Beginning with the line that contains "已辦理校園地國家助學貸款的同", restate each line below through the final one exactly, and exclude the pictures.

Data block:

╭──

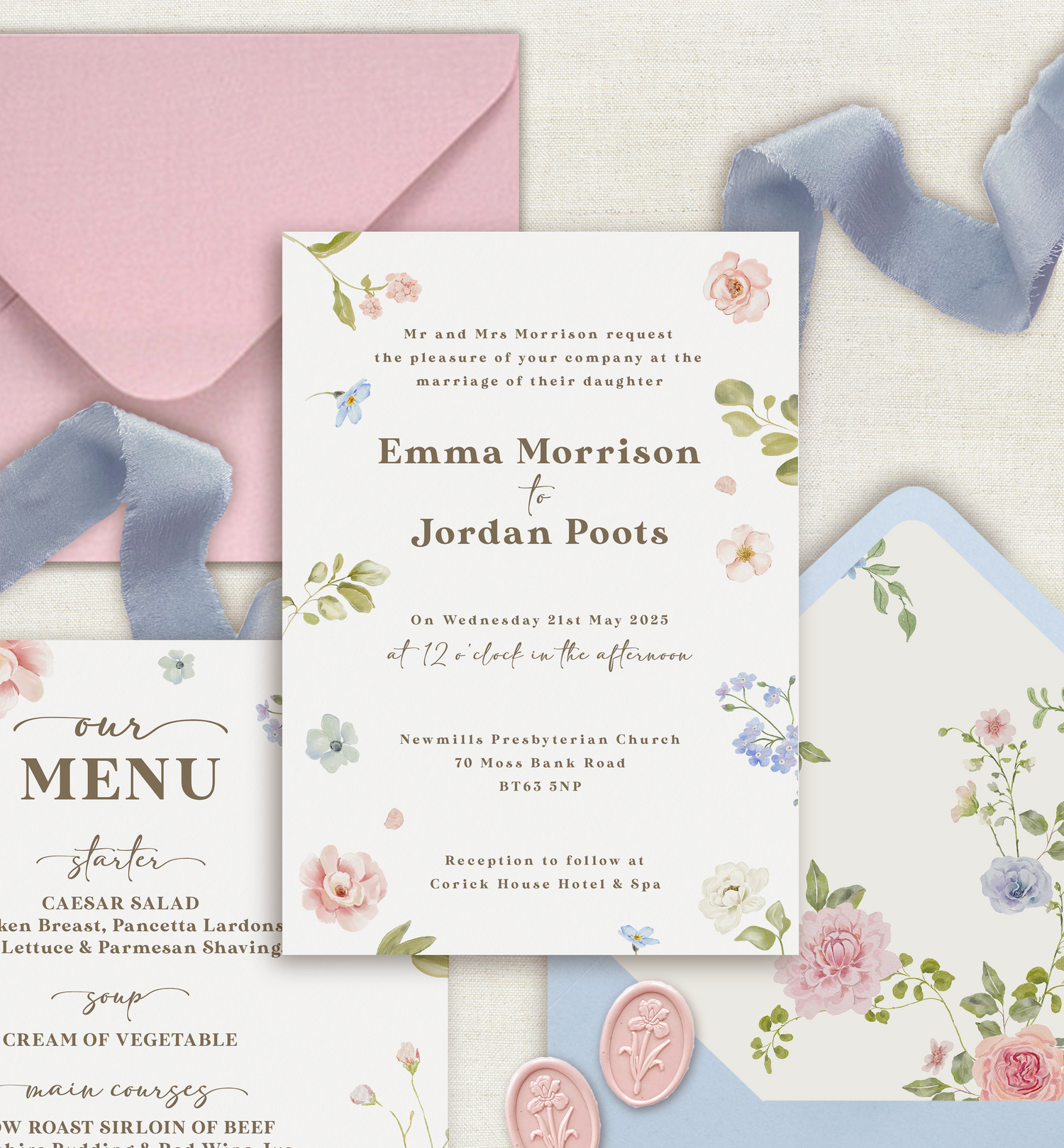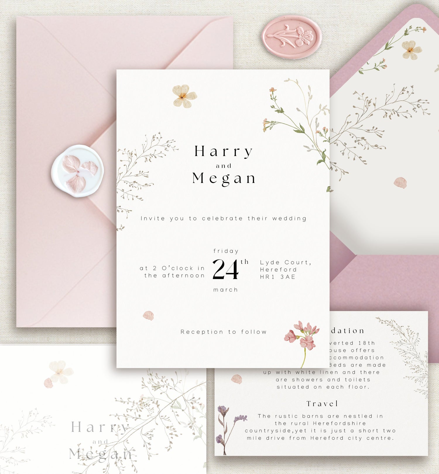 Soft wildflower inspired wedding invitations and on the day stationery, made in a little countryside studio in Hampshire, United Kingdom; delivering globally.
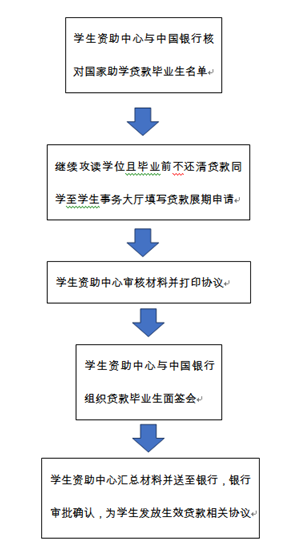 已辦理校園地國家助學貸款的同學如需繼續攻讀學位,并且畢業前不準備償還貸款,可申請辦理貸款展期,貸款展期即將現有貸款辦理延期申請,變更還款期限,在繼續攻讀學位期間貸款利息由國家補貼無需個人承擔,待繼續攻讀學位完成后開始還款。具體辦理流程如下:
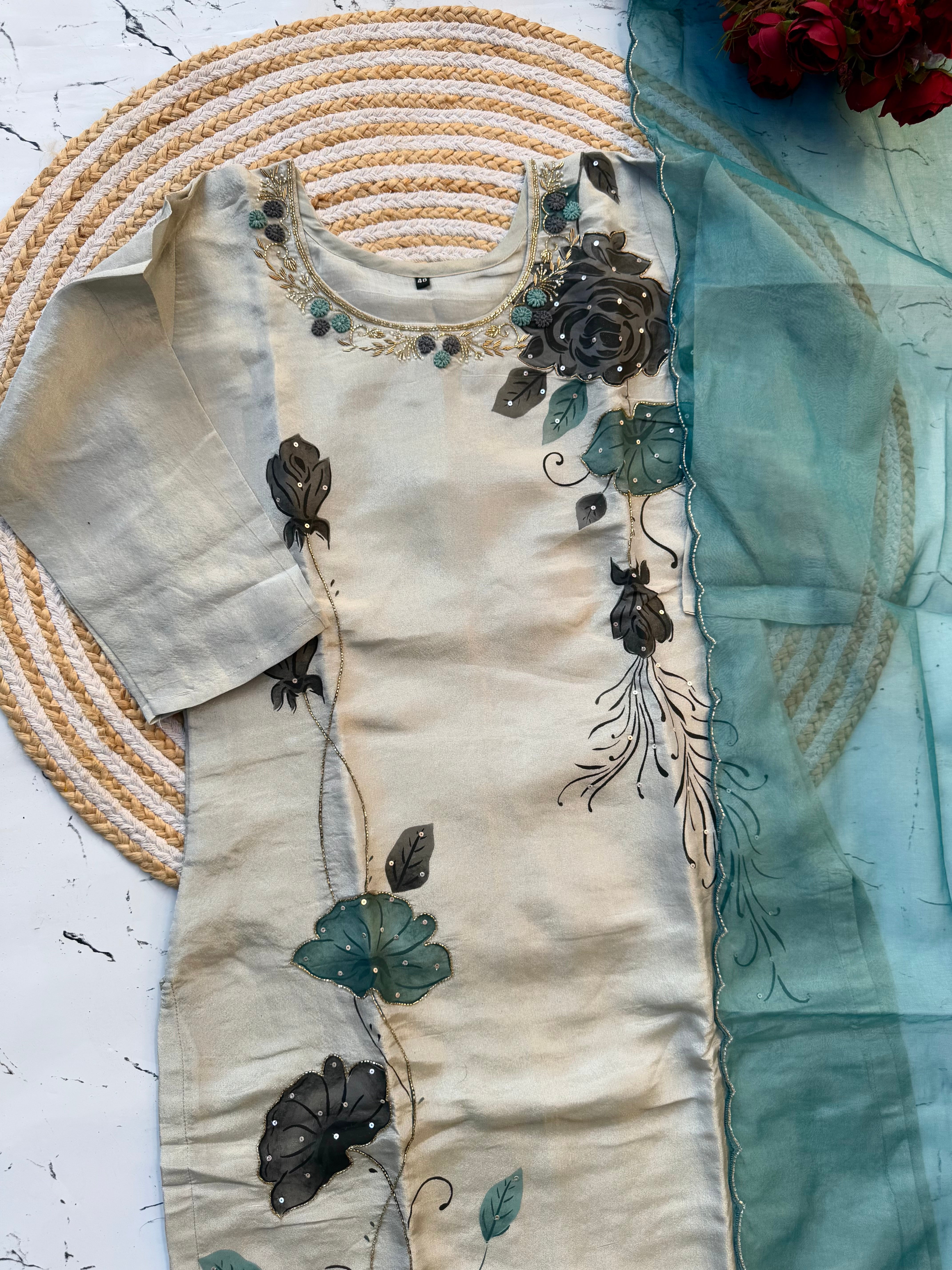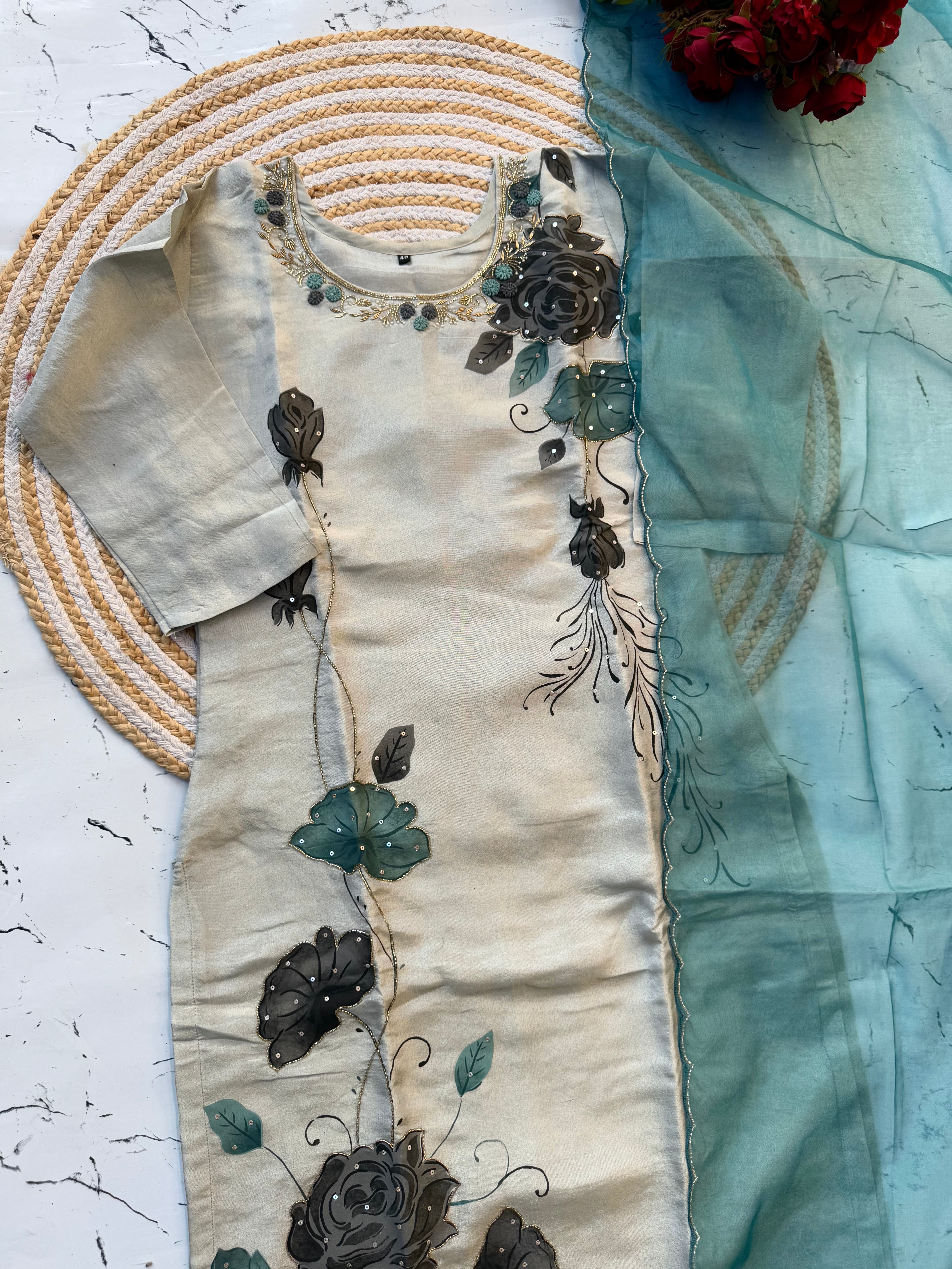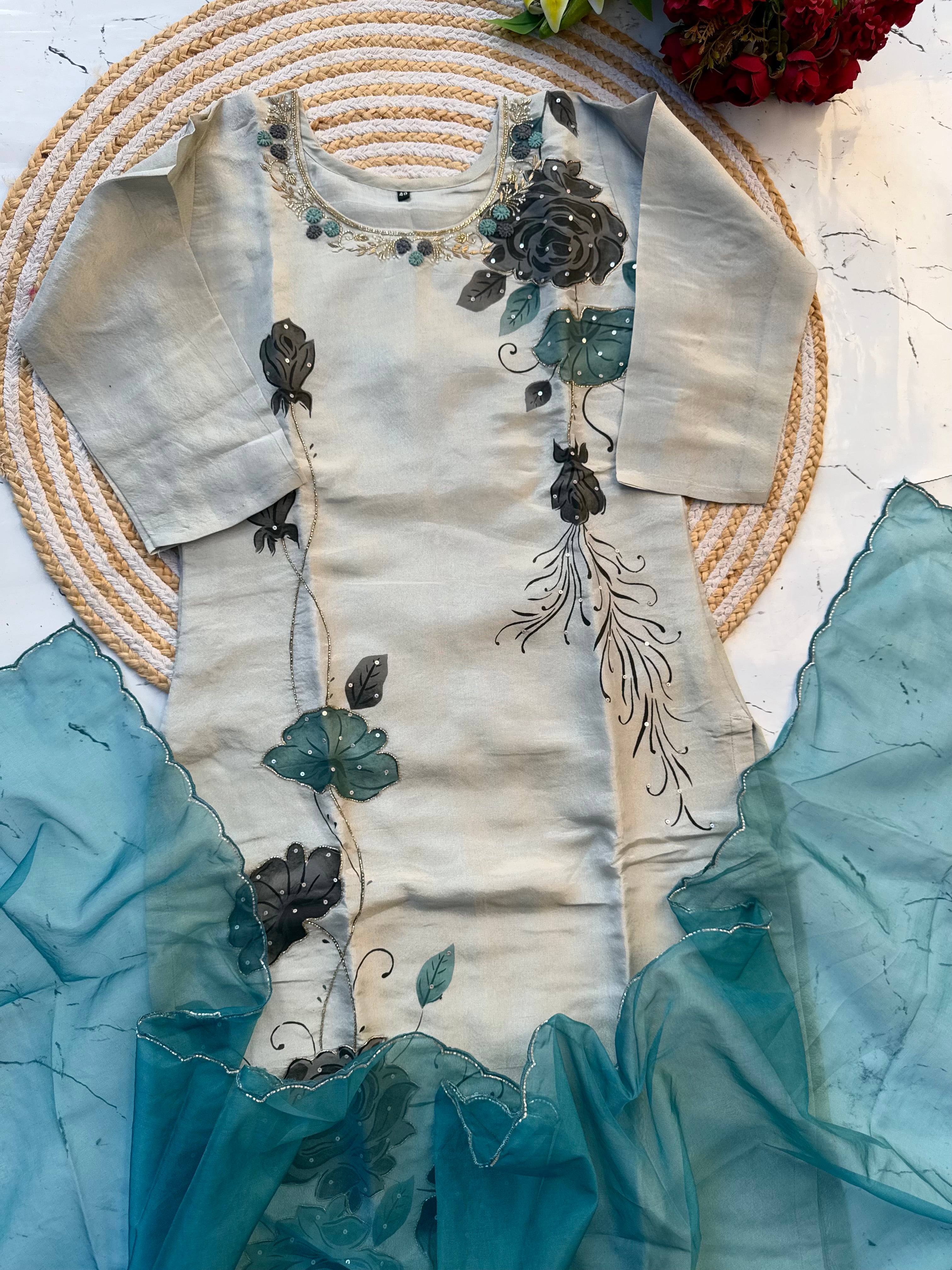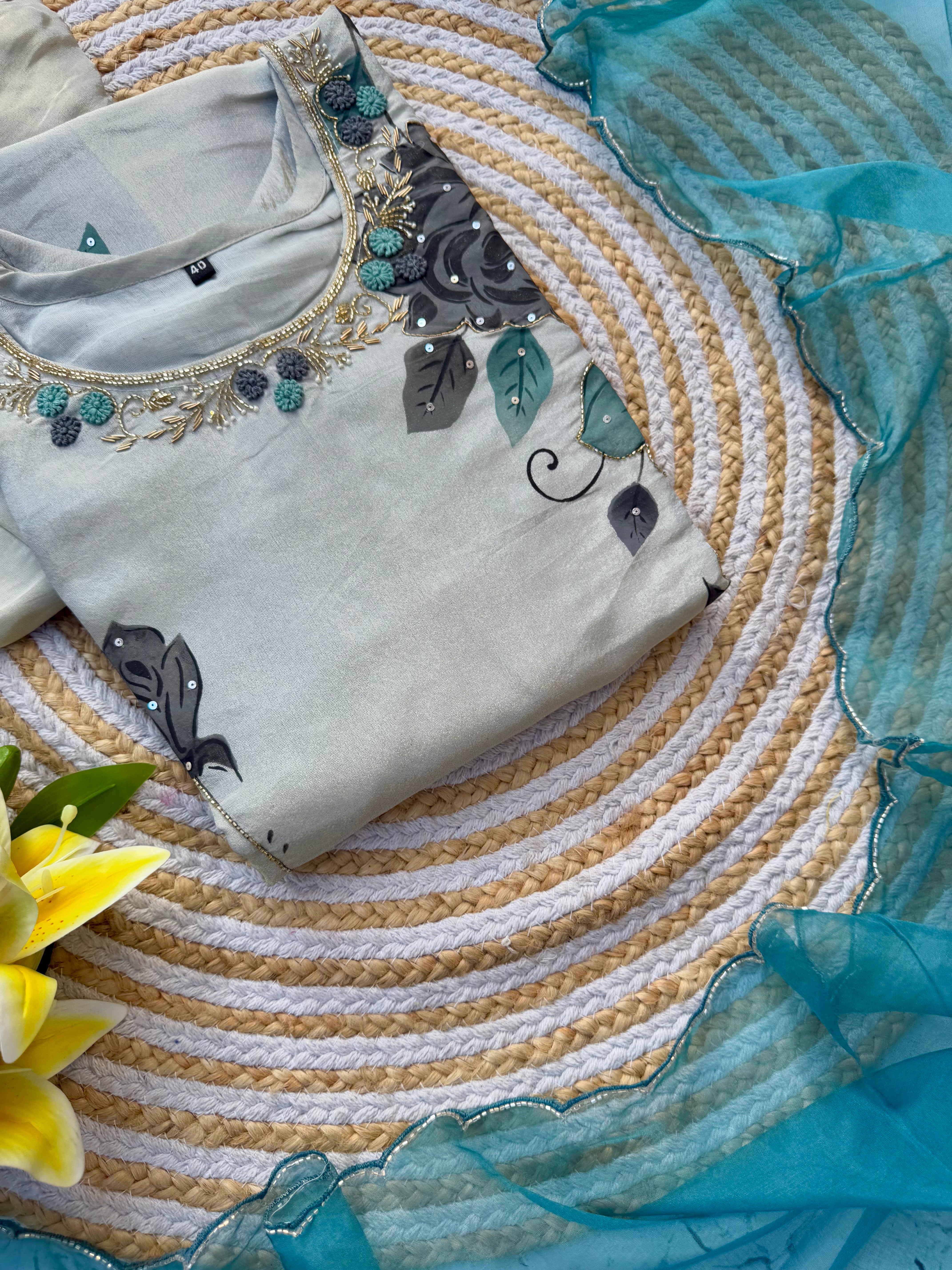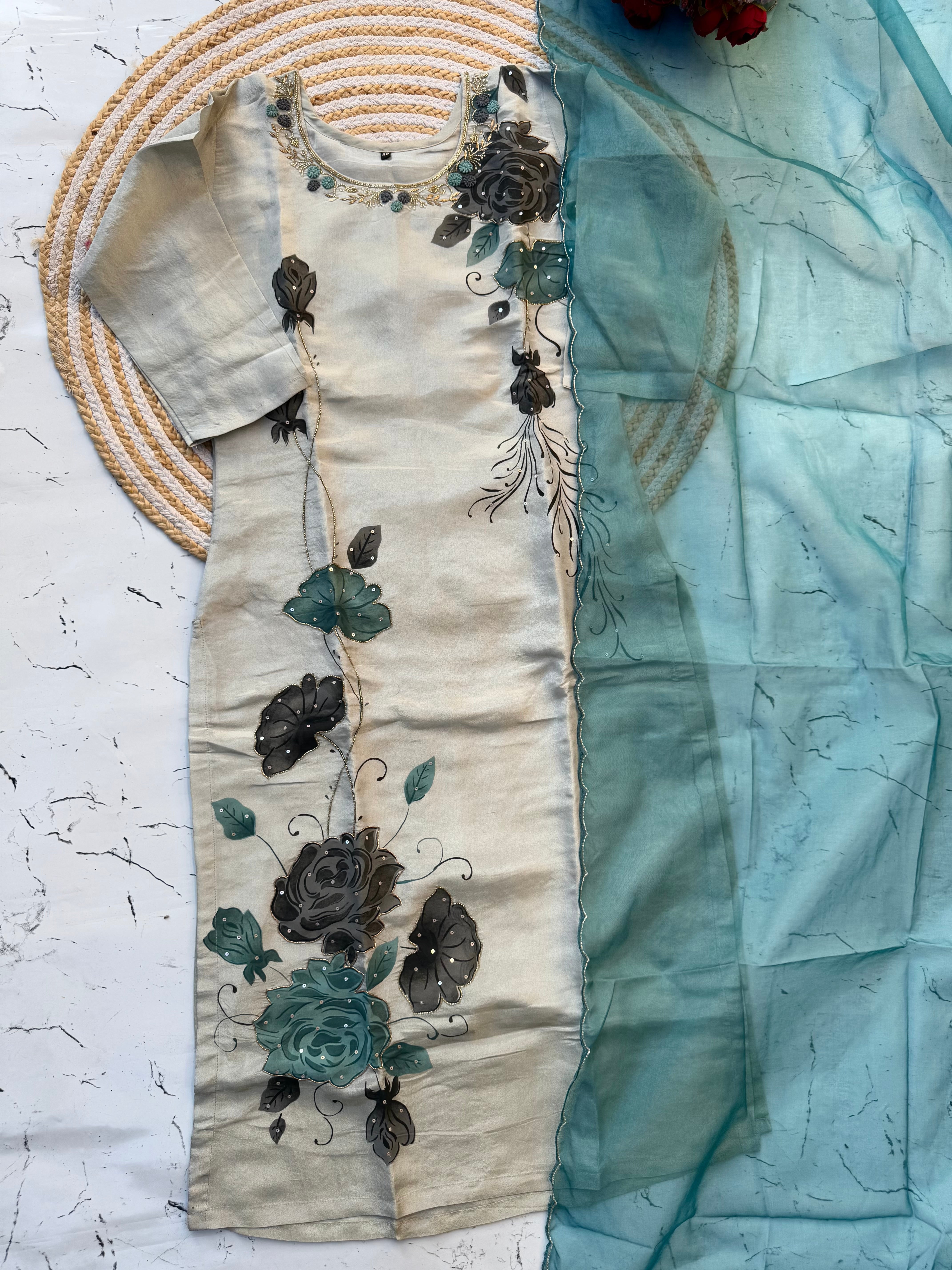 Russian silk kurti set with handwork on the yoke of the kurta with poket on top with a printed organza dupatta and a silk bottom with work

╰──

Final answer:
 已辦理校園地國家助學貸款的同學如需繼續攻讀學位,并且畢業前不準備償還貸款,可申請辦理貸款展期,貸款展期即將現有貸款辦理延期申請,變更還款期限,在繼續攻讀學位期間貸款利息由國家補貼無需個人承擔,待繼續攻讀學位完成后開始還款。具體辦理流程如下:
 Russian silk kurti set with handwork on the yoke of the kurta with poket on top with a printed organza dupatta and a silk bottom with work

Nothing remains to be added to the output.